Background: Precise and accurate measurements of body composition are useful in achieving a greater understanding of human energy metabolism in physiology and in different clinical conditions, such as, cardiovascular disease and overall mortality. Dual-energy x-ray absorptiometry (DXA) can be used to measure body composition, but the easiest method to assess body composition is the use of anthropometric indices.
This study has been designed to evaluate the accuracy and precision of body composition prediction equations by various anthropometric measures instead of a whole body DXA scan.
Materials and Methods: We identified 143 adult patients underwent DXA evaluation of the whole body. The anthropometric indices were also measured. Datasets were split randomly into two parts. Multiple regression analysis with a backward stepwise elimination procedure was used as the derivation set and then the estimates were compared with the actual measurements from the whole-body scans for a validation set.

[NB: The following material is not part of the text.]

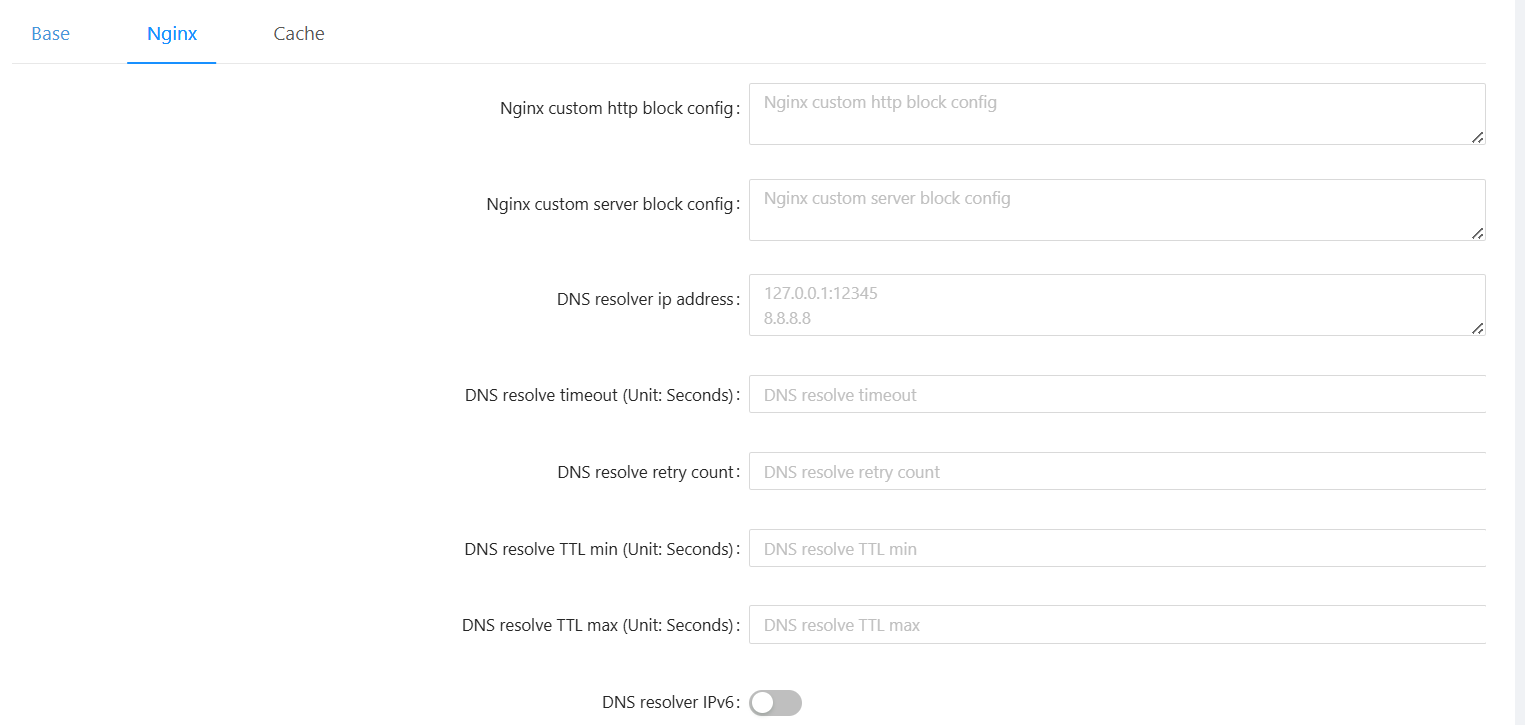 此部分允许对每个 EdgeHit CDN 服务器的 Nginx 运行时行为和 DNS 解析逻辑进行微调。

The SPSS version 20 for Windows software was used in multiple regression and data analysis.
Results: Using multiple linear regression analyses, the best equation for predicting the whole-body fat mass (R 2 = 0.808) included the body mass index (BMI) and gender; the best equation for predicting whole-body lean mass (R 2 = 0.780) included BMI, WC, gender, and age; and the best equation for predicting trunk fat mass (R 2 = 0.759) included BMI, WC, and gender.
Conclusions: Combinations of anthropometric measurements predict whole-body lean mass and trunk fat mass better than any of these single anthropometric indices. Therefore, the findings of the present study may be used to verify the results in patients with various diseases or diets.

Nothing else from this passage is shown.